Basically, an integrated HRA is one that is connected to and reimburses expenses for a group health plan. To be considered an integrated HRA, there are five requirements that must be met:

  1. The employer must offer the employee a group health plan (other than the HRA) that does not consist solely of excepted benefits.
  2. The employee receiving the HRA is actually enrolled in a group health plan other than the HRA (that group plan may be sponsored by another party, such as a spouse’s employer).
  3. The HRA is available only to employees who are enrolled in non-HRA group coverage.
  4. The HRA reimburses only copayments, coinsurance, deductibles and premiums under the non-HRA coverage (this requirement does not apply if the coverage in requirements 1–3 provides “minimum value”).
  5. The HRA at least annually (and upon termination of employee) permits the employee to permanently opt out or waive future HRA reimbursements.

If the HRA is integrated per the above requirements, then the employer could continue sponsoring the HRA without risking liability under PPACA’s requirements relating to annual dollar limits and preventive services. Otherwise, the HRA will be prohibited going forward.
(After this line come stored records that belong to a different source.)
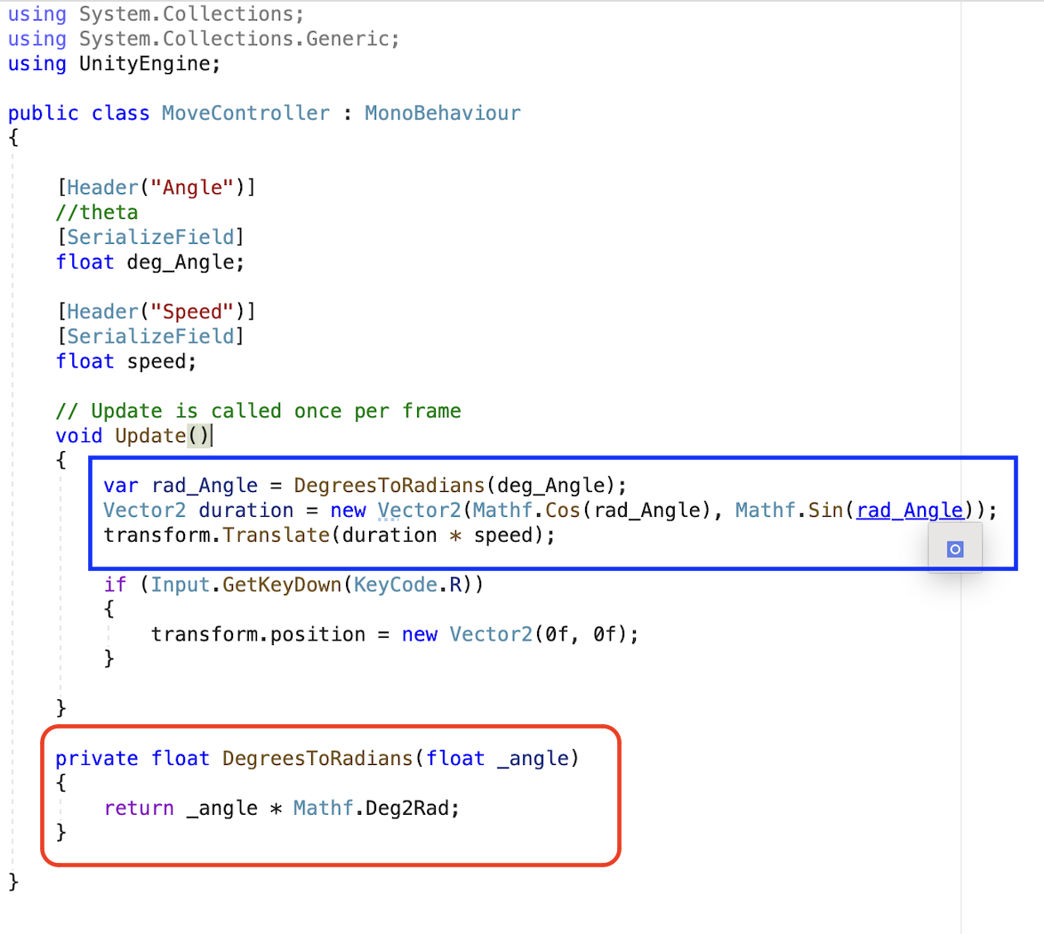 유니티 mathf cos,sin은 라디안법을 사용하고 디그리를 사용하지 않습니다.
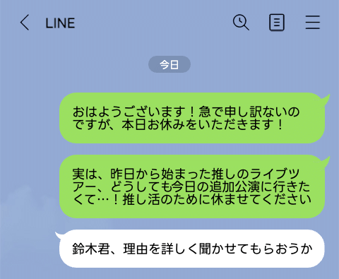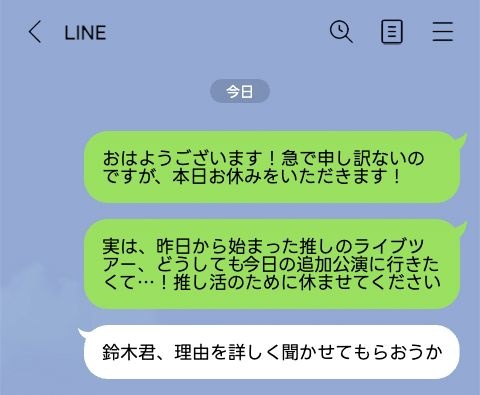 「実は、昨日から始まった推しのライブツアー、どうしても今日の追加公演に行きたくて…!推し活のために休ませてください」(正直すぎる…!)
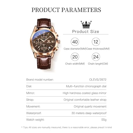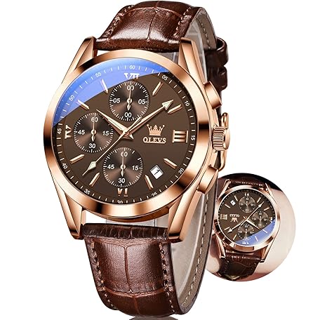 Thông tin sản phẩm OLEVS Men's Watches Brown Leather with Date,Casual Watches for Men,Large Face Watches Men,Chronograph Mens Watch,Sport Waterproof Business Dress Analog Quartz Men's Wrist Watches Reloj De Hombre
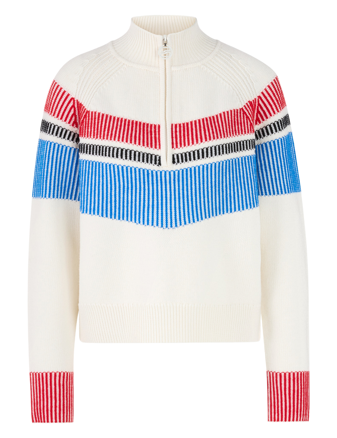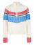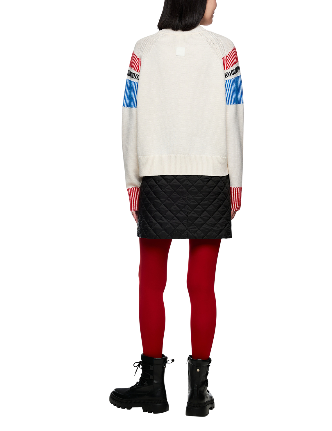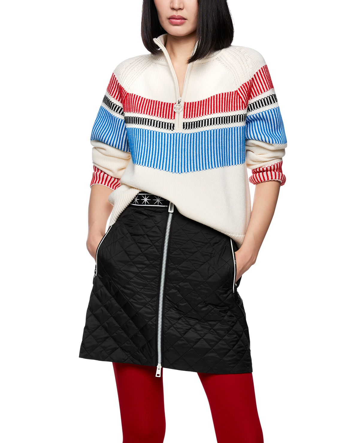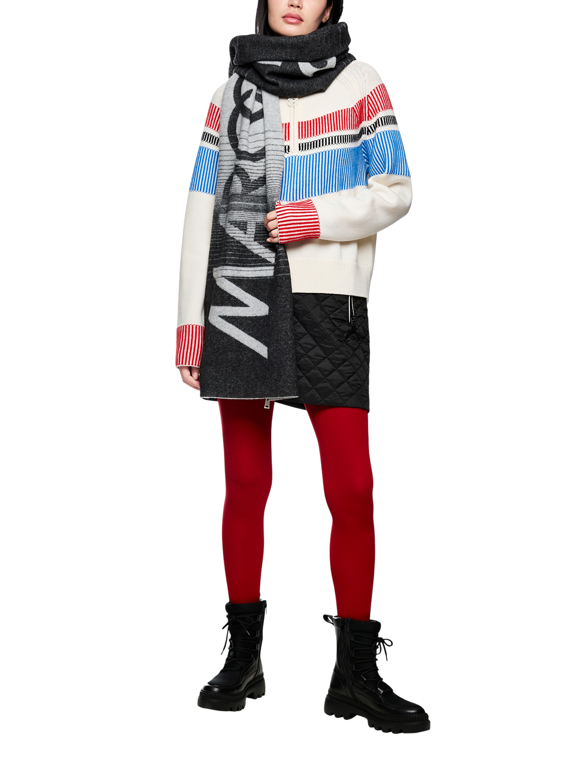 Свитер изготовлен из 100% шерсти. Модель выполнена в прямом крое. Имеет воротник-стойку, застежку на молнии и длинные рукава с манжетами. Декорированный принтом в полоску.
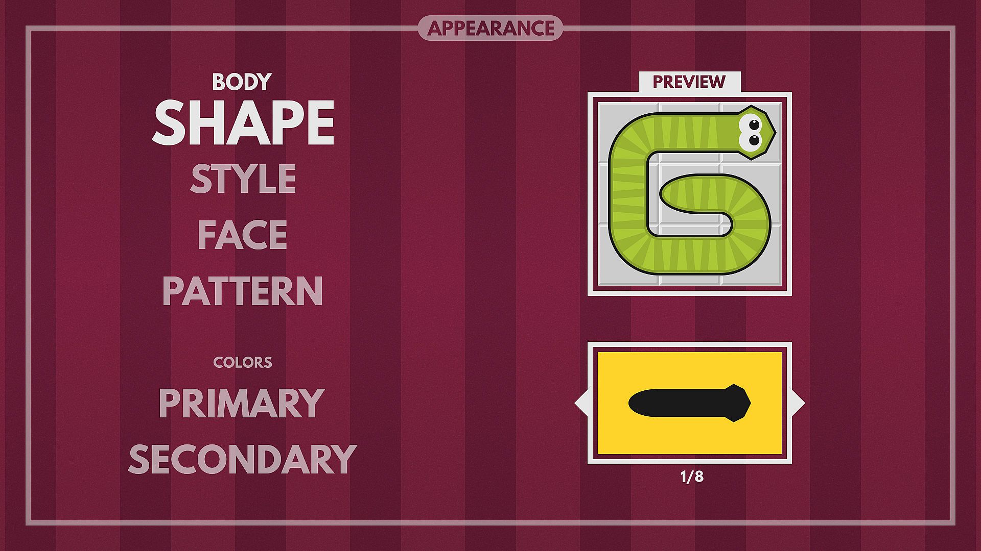 Play, unlock new elements and customize your snake. There are over 100,000 possible combinations.

Spousal Coverage Reimbursement

An example of this type of HRA would be for an employer to cover their employee for the premiums on their spouse’s coverage. To more clearly illustrate this example, say that John and Mary work for separate employers. Mary’s employer offers to pay her health insurance premiums, but if she wants to add John she will have to pay an additional $250 per month. John’s employer could offer John an HRA to pay for the premiums from Mary’s plan so long as her plan is PPACA-compliant. One potential pitfall to this approach is that if Mary’s premiums are pretax, then this could create a double pretax event that would not be allowable by the IRS.

Retiree-only Reimbursement

Retiree-only HRAs are currently permitted under PPACA. An employer is able to offer their retirees who are not yet eligible for Medicare an HRA. However, those retirees would not be eligible for subsidies through the public exchanges.

What About a Defined Contribution Arrangement? Is That Allowed Going Forward?

Yes, so long as it is structured properly. As described above, an HRA that is meant to provide a defined contribution or reimbursement toward individual coverage (both inside and outside the exchanges) is no longer allowed. However, an employer could implement a defined contribution strategy through a private exchange or through the Small Employer Health Options Program (SHOP). This approach, available for private exchange or SHOP plans, allows an employer to limit their financial exposure by providing employees with a fixed-premium percentage of the selected plan. Because the plans would be considered group coverage, the above HRA and Section 125 limitations would not apply.

Keep in mind that the IRS recently released further guidance and emphasized the consequences of failing to meet the HRA requirement. Per the IRS website, “Consequently, such an arrangement fails to satisfy the market reforms and may be subject to a $100/day excise tax per applicable employee (which is $36,500 per year, per employee) under section 4980D of the Internal Revenue Code.”